Poor little mother! She had a heavy fall from some scaffolding when I
was five years old; but I can see her now, as though it were yesterday, in
her scarlet bodice and her silvered skirts, running off the stage the
moment she was free to take me in her arms and cover me with kisses.
And, as I remember her, I think she must have been full of
grace--such grace as a bird's is on a bough full of summer leaf;
but if I am right, the people whom she danced for were wrong, for the
public never saw anything particular in her, and she died as she had
lived--a strolling player to the last.
"Piccinino" was the last word she spoke; Piccinino was the
name she always called me; Piccinino I remained. I must have had some other
name, of course, that the law gave me. But the law and I were never close
friends, and I never asked my debts to it.

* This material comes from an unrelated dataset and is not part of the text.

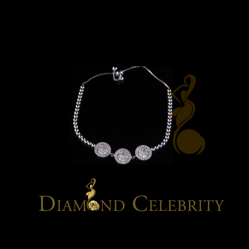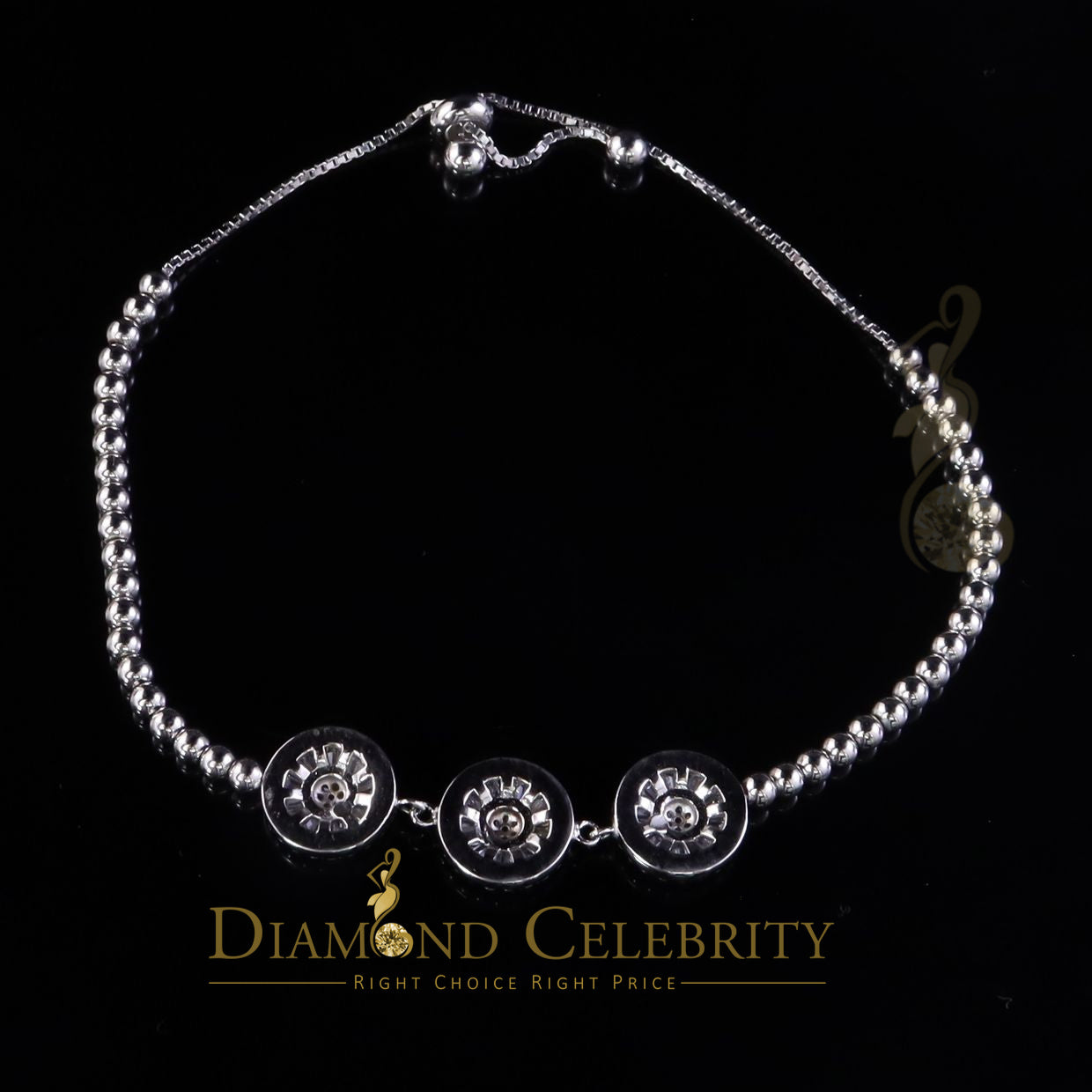 Diamondcelebritees Sterling Silver Fancy Round White Bracelet Cubic Zirconia Adjustable Size 7 Inch

The little troupe of comedians whom my mother had been associated with
were very good to me. There is so very much goodness in all Bohemians.
They are always kindly, generous, sympathetic, compassionate. I was a little motherless, penniless, desolate wretch of five years old; ugly, too--brown and ugly, as you see me now, very much. I have had a face too good for comedy, too good to make the people laugh, for it ever to have been anything except grotesque and unlovely. But they were as good to me as though I had been beautiful to the sight and had inherited a patrimony.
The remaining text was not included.